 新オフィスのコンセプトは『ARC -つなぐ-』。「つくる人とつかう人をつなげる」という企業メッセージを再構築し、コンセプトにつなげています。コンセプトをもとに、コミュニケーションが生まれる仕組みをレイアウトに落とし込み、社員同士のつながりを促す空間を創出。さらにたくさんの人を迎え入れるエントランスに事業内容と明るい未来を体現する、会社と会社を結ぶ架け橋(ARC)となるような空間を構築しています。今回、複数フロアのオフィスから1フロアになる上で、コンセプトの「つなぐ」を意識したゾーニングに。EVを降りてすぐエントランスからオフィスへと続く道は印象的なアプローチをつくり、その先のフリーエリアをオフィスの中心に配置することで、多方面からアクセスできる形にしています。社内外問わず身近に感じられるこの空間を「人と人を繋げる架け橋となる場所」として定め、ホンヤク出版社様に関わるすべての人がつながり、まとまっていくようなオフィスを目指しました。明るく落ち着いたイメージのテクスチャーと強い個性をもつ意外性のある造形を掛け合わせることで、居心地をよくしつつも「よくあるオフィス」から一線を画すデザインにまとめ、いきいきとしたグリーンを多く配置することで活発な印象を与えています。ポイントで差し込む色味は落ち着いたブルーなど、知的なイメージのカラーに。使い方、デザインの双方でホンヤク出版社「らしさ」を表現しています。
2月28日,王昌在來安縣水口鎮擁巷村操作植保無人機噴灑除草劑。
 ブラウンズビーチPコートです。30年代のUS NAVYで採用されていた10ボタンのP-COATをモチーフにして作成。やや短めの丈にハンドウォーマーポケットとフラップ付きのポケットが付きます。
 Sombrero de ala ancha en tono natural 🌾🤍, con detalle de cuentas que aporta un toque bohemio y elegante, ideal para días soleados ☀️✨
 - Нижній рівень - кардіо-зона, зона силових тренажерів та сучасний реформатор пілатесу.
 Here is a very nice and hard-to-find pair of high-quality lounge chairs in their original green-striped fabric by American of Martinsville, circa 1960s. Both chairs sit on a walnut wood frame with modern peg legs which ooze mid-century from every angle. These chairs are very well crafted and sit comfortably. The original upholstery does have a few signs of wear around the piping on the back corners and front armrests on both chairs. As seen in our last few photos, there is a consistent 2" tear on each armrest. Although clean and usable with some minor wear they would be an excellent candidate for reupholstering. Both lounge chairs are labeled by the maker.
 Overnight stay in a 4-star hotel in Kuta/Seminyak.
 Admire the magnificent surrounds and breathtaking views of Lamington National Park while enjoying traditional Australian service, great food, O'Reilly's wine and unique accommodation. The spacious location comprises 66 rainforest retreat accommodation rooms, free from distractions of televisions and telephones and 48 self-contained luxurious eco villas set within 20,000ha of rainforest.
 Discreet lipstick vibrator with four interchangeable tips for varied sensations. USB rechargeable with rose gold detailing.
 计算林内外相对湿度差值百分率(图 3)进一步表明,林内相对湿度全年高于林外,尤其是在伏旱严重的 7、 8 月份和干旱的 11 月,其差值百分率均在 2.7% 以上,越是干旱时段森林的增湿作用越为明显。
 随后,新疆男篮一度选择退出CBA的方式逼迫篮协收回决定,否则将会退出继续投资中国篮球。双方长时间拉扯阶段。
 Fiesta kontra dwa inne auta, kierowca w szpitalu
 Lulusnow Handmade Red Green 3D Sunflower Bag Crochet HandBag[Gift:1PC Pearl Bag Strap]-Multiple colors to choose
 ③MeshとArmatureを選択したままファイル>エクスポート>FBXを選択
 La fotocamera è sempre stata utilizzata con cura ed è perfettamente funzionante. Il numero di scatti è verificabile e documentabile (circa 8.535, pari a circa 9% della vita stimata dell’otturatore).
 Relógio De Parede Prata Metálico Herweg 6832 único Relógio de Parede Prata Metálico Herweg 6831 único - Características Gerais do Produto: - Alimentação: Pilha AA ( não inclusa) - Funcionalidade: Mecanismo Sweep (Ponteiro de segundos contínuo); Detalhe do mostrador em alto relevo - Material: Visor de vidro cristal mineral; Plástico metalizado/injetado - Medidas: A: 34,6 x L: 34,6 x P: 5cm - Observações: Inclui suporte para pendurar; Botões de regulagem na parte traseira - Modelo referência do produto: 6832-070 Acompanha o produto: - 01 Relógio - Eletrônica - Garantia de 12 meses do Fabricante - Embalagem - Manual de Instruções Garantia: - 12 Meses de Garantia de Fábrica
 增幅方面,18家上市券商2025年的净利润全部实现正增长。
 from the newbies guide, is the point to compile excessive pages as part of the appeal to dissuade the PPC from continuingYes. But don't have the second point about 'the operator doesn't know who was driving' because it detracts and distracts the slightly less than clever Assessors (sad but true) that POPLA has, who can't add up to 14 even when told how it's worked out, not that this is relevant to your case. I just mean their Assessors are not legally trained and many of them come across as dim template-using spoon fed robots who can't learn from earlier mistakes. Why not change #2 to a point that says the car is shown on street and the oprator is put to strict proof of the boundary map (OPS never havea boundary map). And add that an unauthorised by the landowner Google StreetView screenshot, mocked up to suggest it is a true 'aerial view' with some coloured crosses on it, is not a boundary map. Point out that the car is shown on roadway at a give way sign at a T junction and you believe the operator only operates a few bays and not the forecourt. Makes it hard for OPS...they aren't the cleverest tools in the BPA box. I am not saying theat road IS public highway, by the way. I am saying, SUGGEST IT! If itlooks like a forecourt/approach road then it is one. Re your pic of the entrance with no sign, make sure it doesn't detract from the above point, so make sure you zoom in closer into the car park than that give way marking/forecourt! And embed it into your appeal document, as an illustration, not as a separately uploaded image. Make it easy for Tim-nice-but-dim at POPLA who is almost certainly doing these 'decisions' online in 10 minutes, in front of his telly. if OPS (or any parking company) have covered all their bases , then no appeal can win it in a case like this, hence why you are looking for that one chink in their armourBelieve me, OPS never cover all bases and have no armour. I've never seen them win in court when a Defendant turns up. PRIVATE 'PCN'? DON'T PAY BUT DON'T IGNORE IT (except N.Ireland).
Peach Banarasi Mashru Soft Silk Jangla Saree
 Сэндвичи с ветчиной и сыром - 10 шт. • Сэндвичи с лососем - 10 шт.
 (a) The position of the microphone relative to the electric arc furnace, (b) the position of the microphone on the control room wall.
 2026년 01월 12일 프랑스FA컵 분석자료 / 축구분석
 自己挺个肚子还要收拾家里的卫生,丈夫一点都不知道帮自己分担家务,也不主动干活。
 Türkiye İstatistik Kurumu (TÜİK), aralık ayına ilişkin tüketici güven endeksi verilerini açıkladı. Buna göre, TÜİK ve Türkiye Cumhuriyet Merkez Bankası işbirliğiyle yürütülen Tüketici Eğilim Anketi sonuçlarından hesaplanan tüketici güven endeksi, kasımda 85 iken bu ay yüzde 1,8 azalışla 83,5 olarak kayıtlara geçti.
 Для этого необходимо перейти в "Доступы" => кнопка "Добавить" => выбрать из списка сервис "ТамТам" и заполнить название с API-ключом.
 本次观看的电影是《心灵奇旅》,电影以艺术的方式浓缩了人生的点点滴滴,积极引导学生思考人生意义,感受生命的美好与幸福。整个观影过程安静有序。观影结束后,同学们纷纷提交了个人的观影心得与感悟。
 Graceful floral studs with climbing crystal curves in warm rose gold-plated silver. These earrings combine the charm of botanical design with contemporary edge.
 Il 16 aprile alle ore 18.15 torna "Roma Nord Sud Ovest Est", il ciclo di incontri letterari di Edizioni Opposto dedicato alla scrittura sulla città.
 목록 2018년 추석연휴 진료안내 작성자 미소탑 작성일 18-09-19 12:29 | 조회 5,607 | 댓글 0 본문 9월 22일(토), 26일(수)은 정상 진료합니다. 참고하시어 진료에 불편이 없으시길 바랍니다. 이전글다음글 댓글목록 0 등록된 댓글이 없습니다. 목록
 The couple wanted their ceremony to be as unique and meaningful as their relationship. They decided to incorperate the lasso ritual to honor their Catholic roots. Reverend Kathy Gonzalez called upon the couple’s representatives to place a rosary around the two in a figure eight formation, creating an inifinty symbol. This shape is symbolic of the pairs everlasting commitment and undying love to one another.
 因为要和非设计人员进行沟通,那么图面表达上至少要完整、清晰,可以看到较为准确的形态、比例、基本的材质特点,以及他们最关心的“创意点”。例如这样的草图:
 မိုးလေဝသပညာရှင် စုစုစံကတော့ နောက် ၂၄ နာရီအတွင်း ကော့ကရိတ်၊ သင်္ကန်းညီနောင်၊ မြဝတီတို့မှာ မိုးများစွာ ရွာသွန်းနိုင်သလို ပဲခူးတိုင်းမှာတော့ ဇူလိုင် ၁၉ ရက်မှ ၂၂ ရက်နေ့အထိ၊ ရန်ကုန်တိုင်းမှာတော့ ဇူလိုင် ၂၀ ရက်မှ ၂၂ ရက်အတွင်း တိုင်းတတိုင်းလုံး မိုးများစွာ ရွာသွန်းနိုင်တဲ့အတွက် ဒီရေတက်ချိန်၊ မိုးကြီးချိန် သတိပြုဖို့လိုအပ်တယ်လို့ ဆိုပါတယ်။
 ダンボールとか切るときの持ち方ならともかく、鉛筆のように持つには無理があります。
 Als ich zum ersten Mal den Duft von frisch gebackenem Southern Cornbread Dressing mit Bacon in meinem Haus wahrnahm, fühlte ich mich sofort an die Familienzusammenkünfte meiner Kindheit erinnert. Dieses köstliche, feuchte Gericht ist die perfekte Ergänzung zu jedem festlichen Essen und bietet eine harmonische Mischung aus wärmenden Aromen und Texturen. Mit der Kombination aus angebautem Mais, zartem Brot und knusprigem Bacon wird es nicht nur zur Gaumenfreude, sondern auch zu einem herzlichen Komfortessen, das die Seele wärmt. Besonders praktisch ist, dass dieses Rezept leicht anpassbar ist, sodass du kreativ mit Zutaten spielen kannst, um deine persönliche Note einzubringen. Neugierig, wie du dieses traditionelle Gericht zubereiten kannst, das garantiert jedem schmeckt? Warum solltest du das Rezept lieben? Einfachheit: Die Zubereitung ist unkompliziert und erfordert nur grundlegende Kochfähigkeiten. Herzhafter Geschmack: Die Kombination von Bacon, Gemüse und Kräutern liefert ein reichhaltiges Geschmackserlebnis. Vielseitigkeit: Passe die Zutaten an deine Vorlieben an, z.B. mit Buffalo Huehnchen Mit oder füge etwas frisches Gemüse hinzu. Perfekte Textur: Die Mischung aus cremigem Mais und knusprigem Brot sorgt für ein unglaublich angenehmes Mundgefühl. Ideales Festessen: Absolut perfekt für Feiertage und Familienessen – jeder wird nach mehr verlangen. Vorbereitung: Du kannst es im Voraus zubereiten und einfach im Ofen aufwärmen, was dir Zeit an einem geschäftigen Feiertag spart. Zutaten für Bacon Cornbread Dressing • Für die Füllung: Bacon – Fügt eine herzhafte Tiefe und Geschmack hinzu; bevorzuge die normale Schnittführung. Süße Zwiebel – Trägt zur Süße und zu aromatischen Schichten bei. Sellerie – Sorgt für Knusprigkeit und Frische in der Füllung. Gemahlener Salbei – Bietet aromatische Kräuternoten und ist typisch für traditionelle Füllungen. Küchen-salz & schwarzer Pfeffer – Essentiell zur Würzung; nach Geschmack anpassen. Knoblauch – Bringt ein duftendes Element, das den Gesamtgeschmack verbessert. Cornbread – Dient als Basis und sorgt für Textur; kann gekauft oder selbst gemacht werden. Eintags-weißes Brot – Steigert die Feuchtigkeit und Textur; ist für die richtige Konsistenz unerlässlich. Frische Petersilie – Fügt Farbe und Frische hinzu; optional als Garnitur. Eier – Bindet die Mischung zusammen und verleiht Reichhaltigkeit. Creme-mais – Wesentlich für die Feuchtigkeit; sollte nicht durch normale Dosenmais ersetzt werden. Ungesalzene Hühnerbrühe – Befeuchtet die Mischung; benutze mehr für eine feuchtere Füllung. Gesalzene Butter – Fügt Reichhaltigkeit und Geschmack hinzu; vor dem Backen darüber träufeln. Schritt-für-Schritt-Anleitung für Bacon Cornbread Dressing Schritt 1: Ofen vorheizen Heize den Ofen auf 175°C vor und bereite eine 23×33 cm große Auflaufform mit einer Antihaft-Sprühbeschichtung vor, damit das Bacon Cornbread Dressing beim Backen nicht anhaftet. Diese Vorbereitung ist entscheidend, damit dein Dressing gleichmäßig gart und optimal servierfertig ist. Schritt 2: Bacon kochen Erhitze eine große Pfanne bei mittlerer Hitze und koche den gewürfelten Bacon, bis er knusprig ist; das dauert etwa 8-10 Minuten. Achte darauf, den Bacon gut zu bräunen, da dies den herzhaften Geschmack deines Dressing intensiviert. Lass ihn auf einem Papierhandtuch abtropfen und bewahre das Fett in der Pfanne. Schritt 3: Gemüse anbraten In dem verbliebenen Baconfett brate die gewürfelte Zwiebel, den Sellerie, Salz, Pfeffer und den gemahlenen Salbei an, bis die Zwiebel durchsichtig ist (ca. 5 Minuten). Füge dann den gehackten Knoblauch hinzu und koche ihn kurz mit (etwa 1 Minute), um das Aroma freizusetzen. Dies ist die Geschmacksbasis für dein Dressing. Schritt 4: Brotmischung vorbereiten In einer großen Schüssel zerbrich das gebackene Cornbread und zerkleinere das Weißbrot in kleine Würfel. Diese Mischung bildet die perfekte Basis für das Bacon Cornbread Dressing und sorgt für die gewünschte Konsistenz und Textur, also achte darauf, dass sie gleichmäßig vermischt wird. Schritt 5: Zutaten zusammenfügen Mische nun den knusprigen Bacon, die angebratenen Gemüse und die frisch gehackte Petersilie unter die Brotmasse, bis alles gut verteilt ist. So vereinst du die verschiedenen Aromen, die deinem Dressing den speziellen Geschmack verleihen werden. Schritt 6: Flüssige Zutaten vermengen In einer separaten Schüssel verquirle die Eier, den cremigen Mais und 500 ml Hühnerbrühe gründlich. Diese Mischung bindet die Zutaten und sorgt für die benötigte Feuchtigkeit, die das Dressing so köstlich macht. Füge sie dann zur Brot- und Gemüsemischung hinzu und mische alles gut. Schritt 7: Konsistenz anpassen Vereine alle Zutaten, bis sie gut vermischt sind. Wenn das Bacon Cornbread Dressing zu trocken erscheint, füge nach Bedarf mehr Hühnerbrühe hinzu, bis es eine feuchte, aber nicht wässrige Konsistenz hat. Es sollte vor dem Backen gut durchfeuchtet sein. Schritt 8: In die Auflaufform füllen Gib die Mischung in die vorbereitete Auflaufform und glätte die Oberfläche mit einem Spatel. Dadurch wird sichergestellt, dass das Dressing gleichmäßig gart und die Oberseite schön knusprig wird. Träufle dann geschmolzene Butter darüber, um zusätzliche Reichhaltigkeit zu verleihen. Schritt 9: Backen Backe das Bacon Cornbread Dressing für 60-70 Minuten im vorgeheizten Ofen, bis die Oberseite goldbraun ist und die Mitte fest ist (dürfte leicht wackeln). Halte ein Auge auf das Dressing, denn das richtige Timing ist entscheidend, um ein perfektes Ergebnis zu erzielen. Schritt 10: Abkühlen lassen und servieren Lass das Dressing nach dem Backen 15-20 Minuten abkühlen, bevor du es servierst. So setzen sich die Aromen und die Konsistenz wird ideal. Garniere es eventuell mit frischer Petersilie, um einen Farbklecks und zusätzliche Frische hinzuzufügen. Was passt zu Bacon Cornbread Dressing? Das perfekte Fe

***

- What is needed
Take every line above carrying "rose" and return it.

- Problem solution
 Discreet lipstick vibrator with four interchangeable tips for varied sensations. USB rechargeable with rose gold detailing.
 Graceful floral studs with climbing crystal curves in warm rose gold-plated silver. These earrings combine the charm of botanical design with contemporary edge.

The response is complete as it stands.